Hind Abdellaoui1, Hala Bensalah2, Marya Raji1,3, Denis Rodrigue4, Rachid Bouhfid1, Abou el kacem Qaiss1   

  1. 1. Moroccan Foundation for Advanced Science, Innovation and Research (MAScIR), Institute of Nanomaterials and Nanotechnology (NANOTECH), Laboratory of Polymer Processing, Rabat, Morocco
    2. Faculty of Science, Laboratory of Simulation in Mechanics and Energy, Mohammed V University, Rabat, Morocco
    3. Faculty of Science, Laboratory Laboratoire de Chimieorganique et Hétérocyclique, Mohammed V University, Rabat, Morocco
    4. Department of chemical engineering and CERMA, Université Laval, Quebec, G1V0A6, Canada
  • Received:2016-09-17 Revised:2017-03-17 Online:2017-04-10 Published:2017-04-10
  • Contact: Abou el kacem Qaiss E-mail:a.qaiss@mascir.com
  • About author:Hind Abdellaoui1, Hala Bensalah2, Marya Raji1,3, Denis Rodrigue4, Rachid Bouhfid1, Abou el kacem Qaiss1

Abstract: Jute/epoxy hybrid laminated biocomposites were manufactured by using Illite clay particles at various content
(5 wt.% − 20 wt.%).
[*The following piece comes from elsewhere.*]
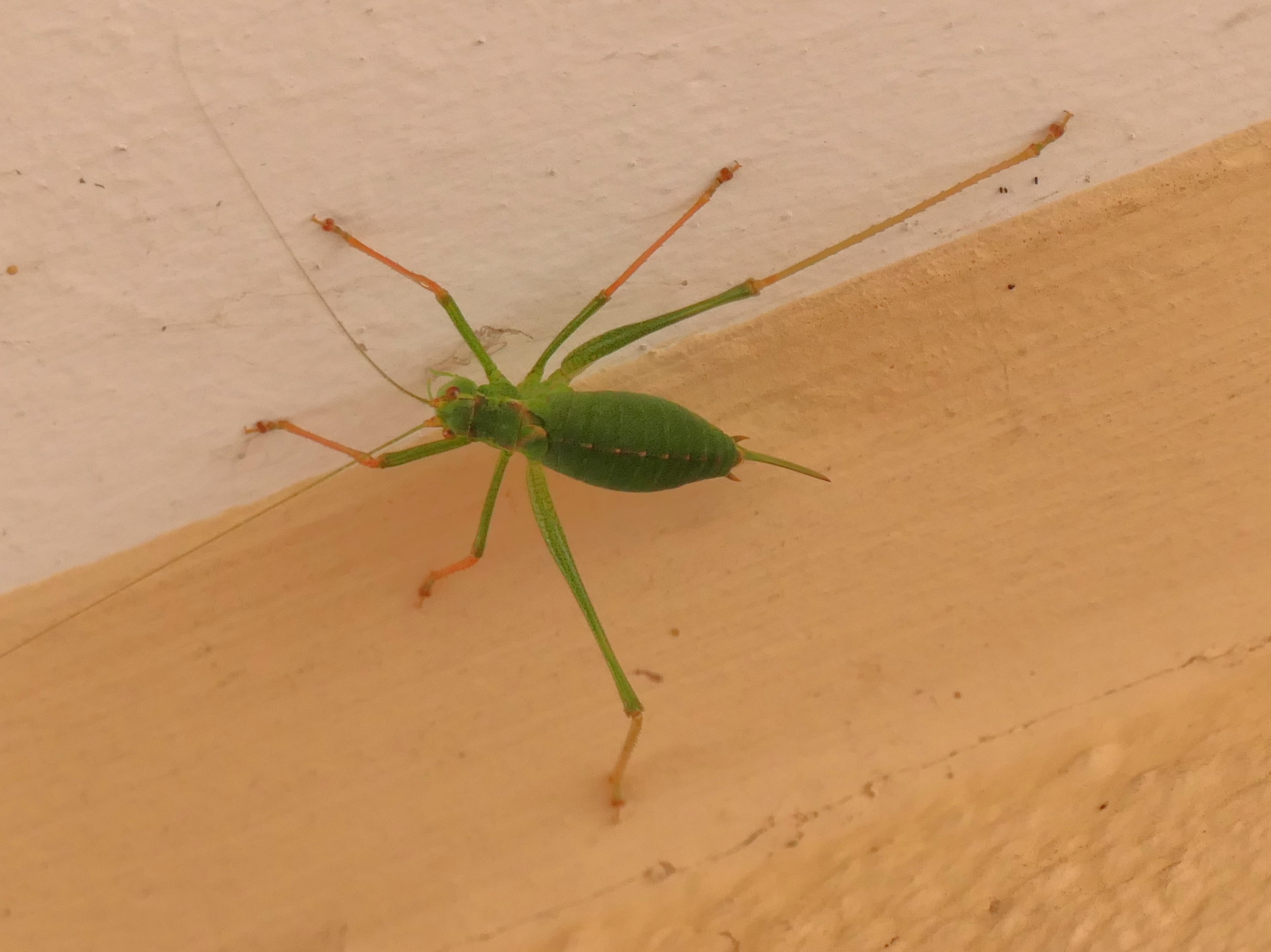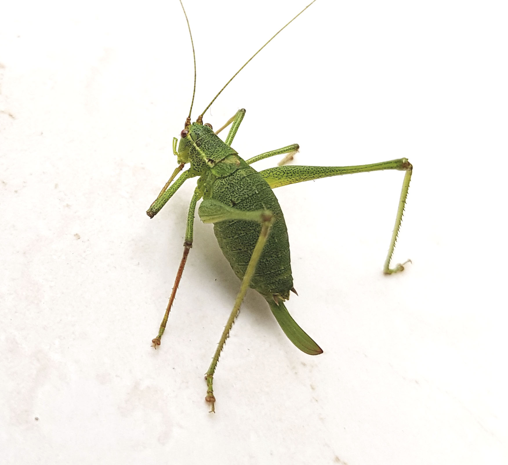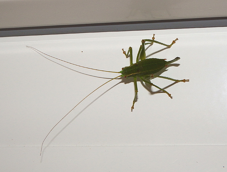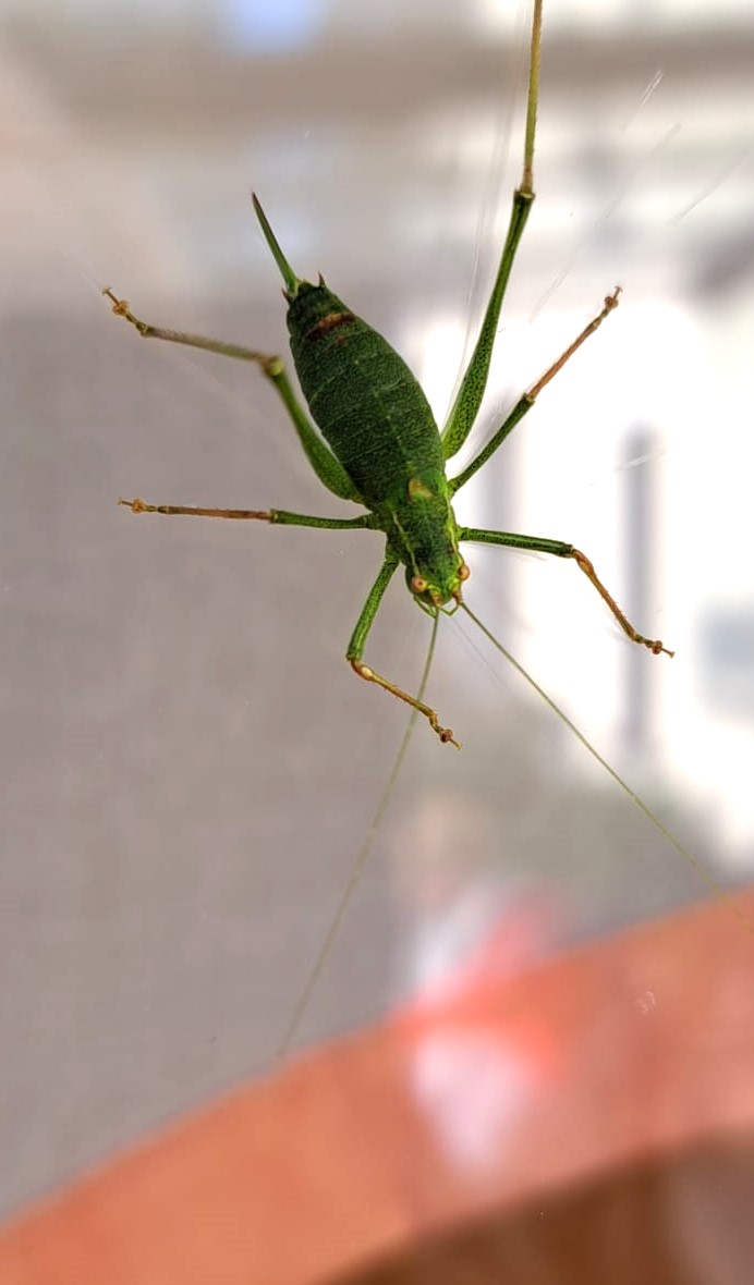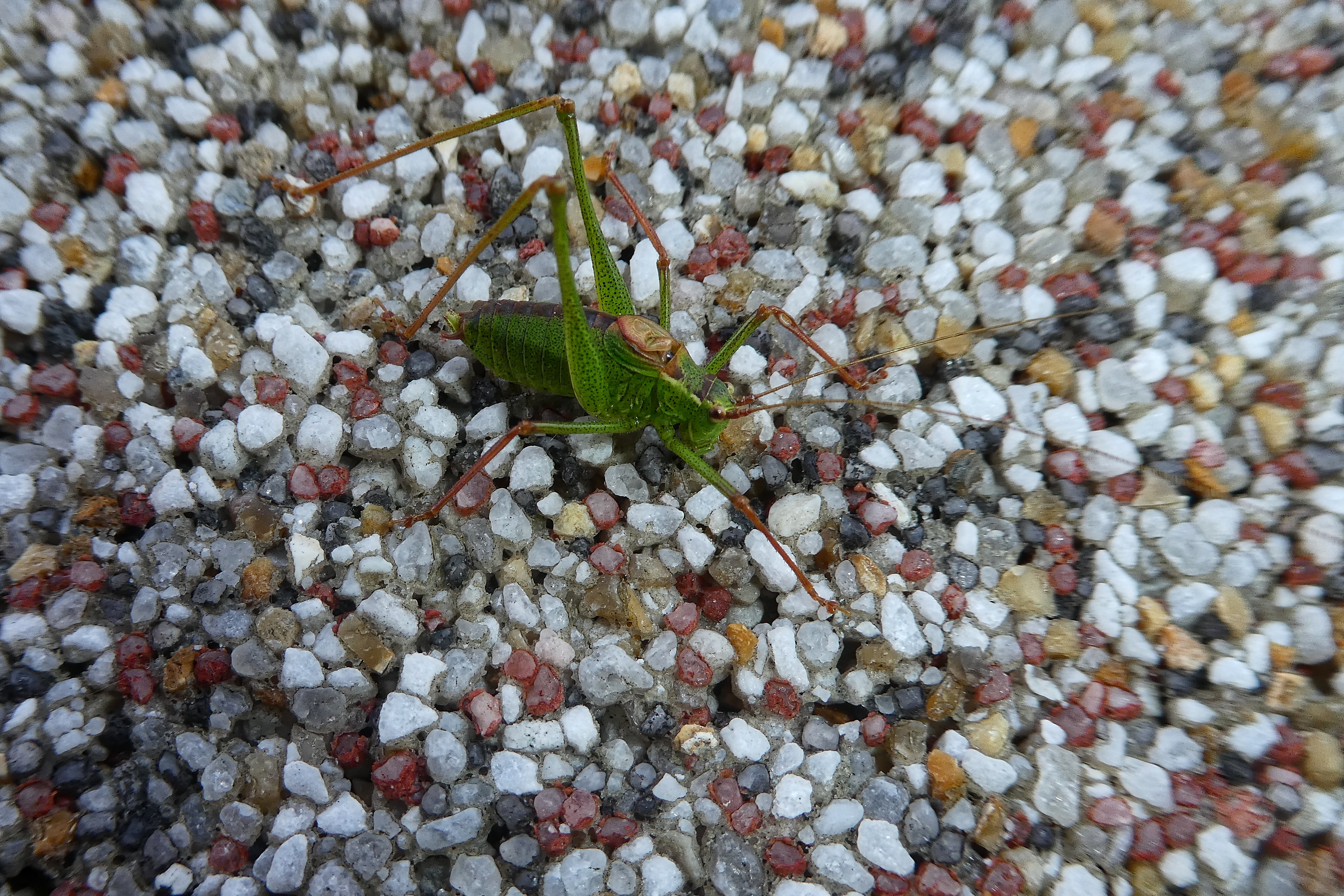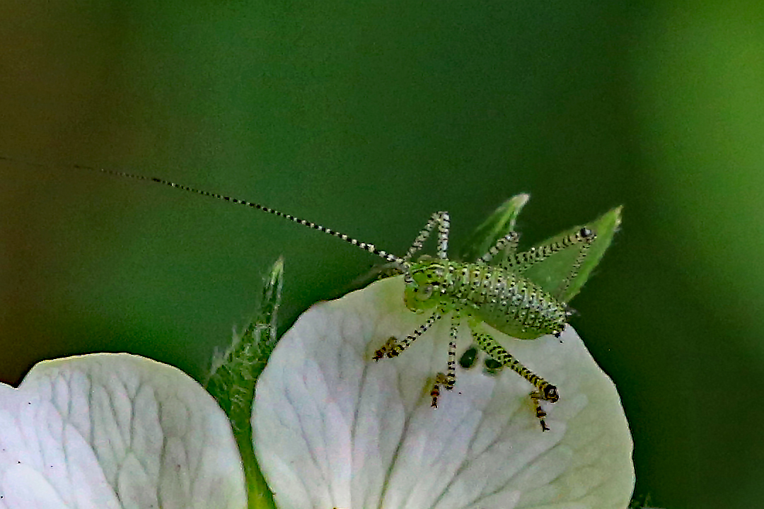 Punktierte Zartschrecke (Leptophyes punctatissima (Bosc, 1792), Irrgast im Gebäude, Dresden, 22.10.2019

The effects of hybridization on the morphology, structure, and mechanical properties were investigated. The properties of the biocomposites reinforced with jute fibers were mainly influenced by the interfacial adhesion between the jute fibers and the epoxy matrix. An alkali treatment was applied to improve the interfacial fiber-matrix adhesion and thus obtaining better mechanical properties. Besides the chemical treatment, epoxy hybridization using clay particles also had a strong effect on the overall properties of laminated biocomposites. The mechanical properties of the jute/epoxy biocomposites reinforced with Illite clay increased with clay content, up to an optimum value at 15 wt.%. The average technique and the laminates theory were performed to validate the coherence of the elastic moduli between the calculated and experimental values. A difference between the experimental and predicted data was observed, which was attributed to the simplifying assumptions made in both models. The laminates theory gave better overall predictions.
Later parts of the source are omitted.